Our government values single-parent families. When it comes to access to information, child development, early childhood education and care, education for parents, employment, housing and community services, we are providing services to them through the ACT government and in partnership with the community. I finish by acknowledging my Labor colleague Bec Cody’s interest in this issue. Despite her unavoidable absence today, I know that she will continue to advocate strongly for single-parent families as well.

MS LE COUTEUR (Murrumbidgee) (3.36): As a single parent myself, I am pleased today to discuss the importance of single parents in the Canberra community. In May this year, on the International Day of Families, the Australian Bureau of Statistics told us that the vast majority of families—84 per cent—were couple families but that the next largest group of families was one-parent families, at 14 per cent. It is significant to note that, of the single-parent families, 83 per cent are headed by single mothers, so single parents and single mothers are not an insignificant part of our community.

Members may have recently seen that the University of Melbourne released the HILDA report, the report on household income and labour dynamics in Australia. This has tracked 17,000 people in 9,500 households over about a 20-year period. It painted a pretty dark picture for single-parent families. It described the likelihood of child poverty for single-parent families as very high—between 20 per cent to 25 per cent—and well above the general community rate of 10 per cent.

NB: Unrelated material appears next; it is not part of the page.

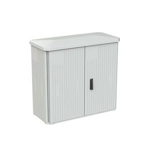 Kabelverteilerschrank mit großer Einbautiefe und profilierter Oberfläche. Sie haben einen Drei-Punkt-Verschluss mit Schwenkhebelgriff für Profilhalbzylinder. Die Schränke sind aus warm-verpresstem, Glasfaser-verstärktem Polyester, durchgefärbt in RAL 7035 Lichtgrau. Sie sind korrosionsbeständig und UV-beständig und somit für den Außeneinsatz geeignet. Die Gehäuse sind für Umgebungsbedingungen von -35°C bis +70°C geeignet. Die geöffnete Tür kann durch entfernen der Scharnierstifte leicht demontiert werden, für optimalen Zugang zum Schrank. Der Tür-Öffnungswinkel ist größer als 180°. Es gibt eingepresste Kernlöcher in der Rückwand für die Aufnahme von M8 Einpressmuttern zur Befestigung von Sammelschienen, Montagerahmen oder Montageplatte. Die Gehäuse werden mit offenem Boden geliefert, Bodenplatten sind im Zubehör erhältlich. Es gibt Befestigungspunkte in der Seitenwand zur Montage von horizontalen Sammelschienen. Die Gehäuse sind vorgesehen für die Montage auf Sockeln entsprechend DIN 43629 mit Standard-Abmessungen zwischen den Befestigungspunkten. EHGD1125 Schrank AP Gr.2 1125X1200X541

Child poverty in single-parent families has increased every year between 2012 and 2015. This is despite an otherwise downwards trend in overall poverty in Australia. In particular, single parents have borne the brunt of rising childcare costs, which the HILDA survey found doubled in real terms over 10 years for single parents. But even for couple families, who have a lot more flexibility, costs still increased by a large 74 per cent. A significant reason for the increase in child poverty in single-parent families over the last 10 years has been the changes in social security arrangements for single parents, who have been moved out of the parenting system into the general unemployment system. That is clearly not adequate to support people and children above the poverty line.

Yesterday we talked about related issues and how women bear a disproportionate burden when it comes to child rearing. That is why 83 per cent of single-parent families are headed by a woman. Women, of course, face significant disadvantage as single mothers. Again looking at ABS statistics, for single-parent families with dependents 83 per cent of mothers were employed compared to 72 per cent of fathers.